10.soreceive Function Code

When receiving data, the soreceive must check the message boundaries, handle the address and control information, and any special operations specified by the read flag. Generally speaking, soreceive

Only one record is processed and the number of bytes required to read is returned as much as possible. The approximate processing flow of the function is as follows:

1. Receive OOB data because OOB data is not stored in the receive cache, so soreceive assigns it a standard MBUF and sends the protocol PRU_RCVOOB

Request. The while loop copies the data returned by the protocol into the specified cache.

2. If necessary, wait for the data. Soreceive to check several situations, it may be necessary to wait for more data to execute if needed. If soreceive

When you go to sleep here, it wakes up to see if there is enough data to arrive. This process continues until enough data is received.

3. Process address and control information. Address information and control information are processed first before transmission.

4. Establish data transfer. Because only OOB data or normal data is delivered in a single soreceive call, you must remember the data type of the preceding segment of the queue, so that the type

When changed, the soreceive can stop transmitting.

5. Transfer the data loop. As long as there is mbuf in the cache, the requested data is not delivered, and no error occurs, and the loop does not exit.

6. Exit processing. The main is to update pointers, flags and offsets, release the socket cache lock, enable protocol processing and return.


11.SELECCT System call

The following figure lists the socket states that select can monitor.

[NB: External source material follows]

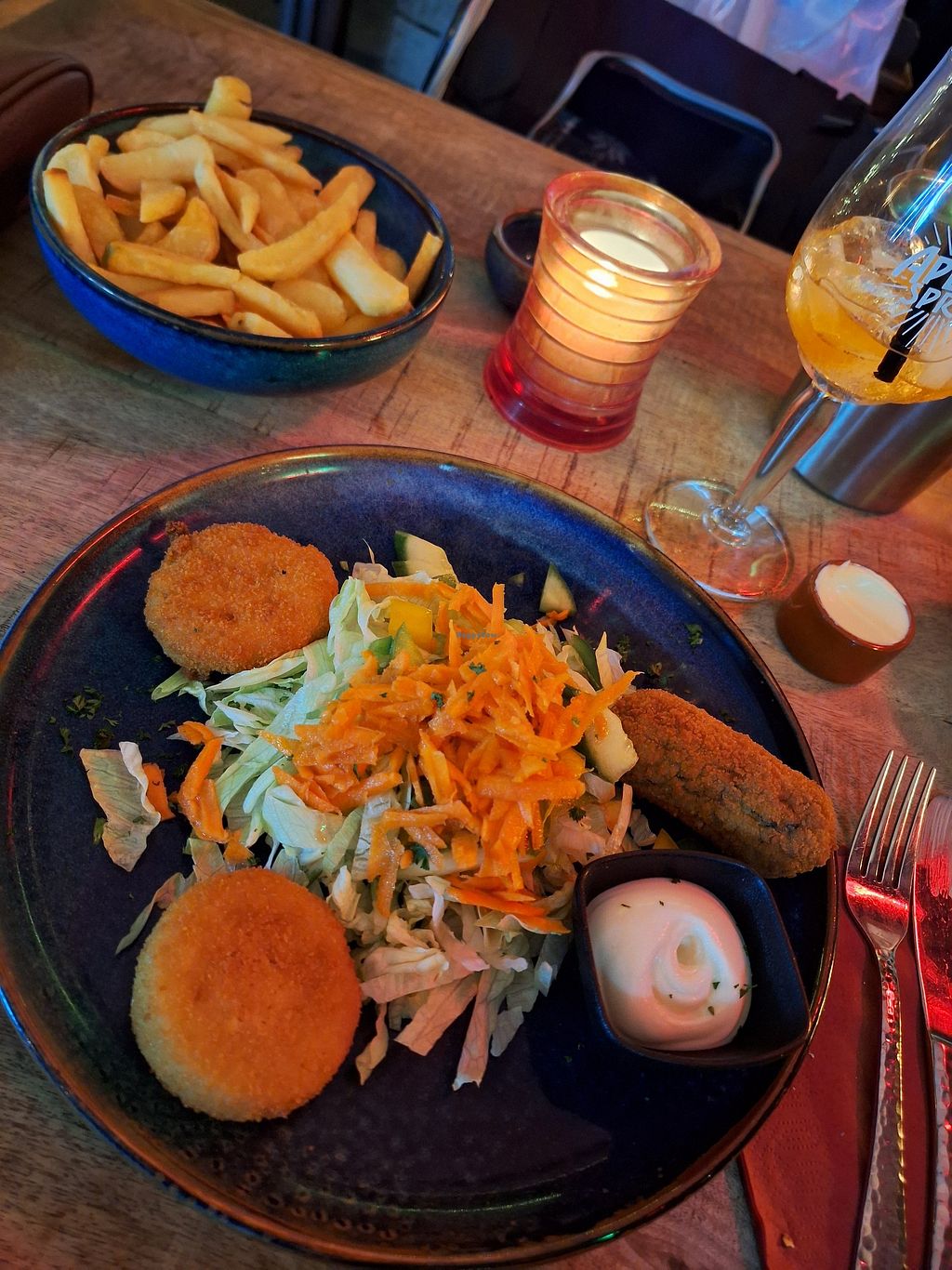 Steak seitan pepersaus met frieten, veganaise en warme groenten

The approximate processing of the Select function is the file descriptor indicated by the scan process, which is returned when one or more descriptors are in the ready state or when the timer expires or the signal appears.


11.1.selscan function

The core of the Select function is the Selscan function. For each bit set in any descriptor collection, Selscan finds the descriptor associated with it, and

The control is dispersed to the So_select function associated with the description typeface. For the socket, it is the Soo_select function.


11.2.soo_select function

For each state-ready descriptor Selscan found in the input descriptor collection, Selscan invokes the Fo_select pointer in the FILEOPS structure associated with the descriptor

The referenced function. The function determines the readable, writable, or exceptional condition of the socket and invokes the SelRecord function.


11.3.selrecord function

This function logs enough information to allow the protocol processing layer to wake the process when the cache content changes.


11.4.selwakeup function

When the protocol processing changes the state of the socket cache, and only one process chooses the cache, NET/3 can immediately change the process according to the information recorded in the SelRecord

into the run queue.

Each process that invokes select uses Selwait as the wait channel when calling Tsleep. This means that the corresponding wakeup will wake up all the blocks on the Select

Process.

The following figure illustrates how to call Selwakeup.

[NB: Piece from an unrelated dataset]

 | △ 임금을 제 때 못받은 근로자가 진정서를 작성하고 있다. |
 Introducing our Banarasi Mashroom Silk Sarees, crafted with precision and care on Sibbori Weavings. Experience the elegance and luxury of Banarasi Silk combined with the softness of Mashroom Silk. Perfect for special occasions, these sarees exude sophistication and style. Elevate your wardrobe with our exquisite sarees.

The protocol processing layer is responsible for invoking the functions listed at the bottom of the diagram to notify the socket layer when an event that changes the status of the socket appears. These functions cause selwakeup to be called,

Any process selected on the socket is scheduled to run.

Contact Us

The content source of this page is from Internet, which doesn't represent Alibaba Cloud's opinion; products and services mentioned on that page don't have any relationship with Alibaba Cloud. If the content of the page makes you feel confusing, please write us an email, we will handle the problem within 5 days after receiving your email.

If you find any instances of plagiarism from the community, please send an email to: info-contact@alibabacloud.com and provide relevant evidence. A staff member will contact you within 5 working days.

A Free Trial That Lets You Build Big!

Start building with 50+ products and up to 12 months usage for Elastic Compute Service

  • Sales Support

    1 on 1 presale consultation

  • After-Sales Support

    24/7 Technical Support 6 Free Tickets per Quarter Faster Response

  • Alibaba Cloud offers highly flexible support services tailored to meet your exact needs.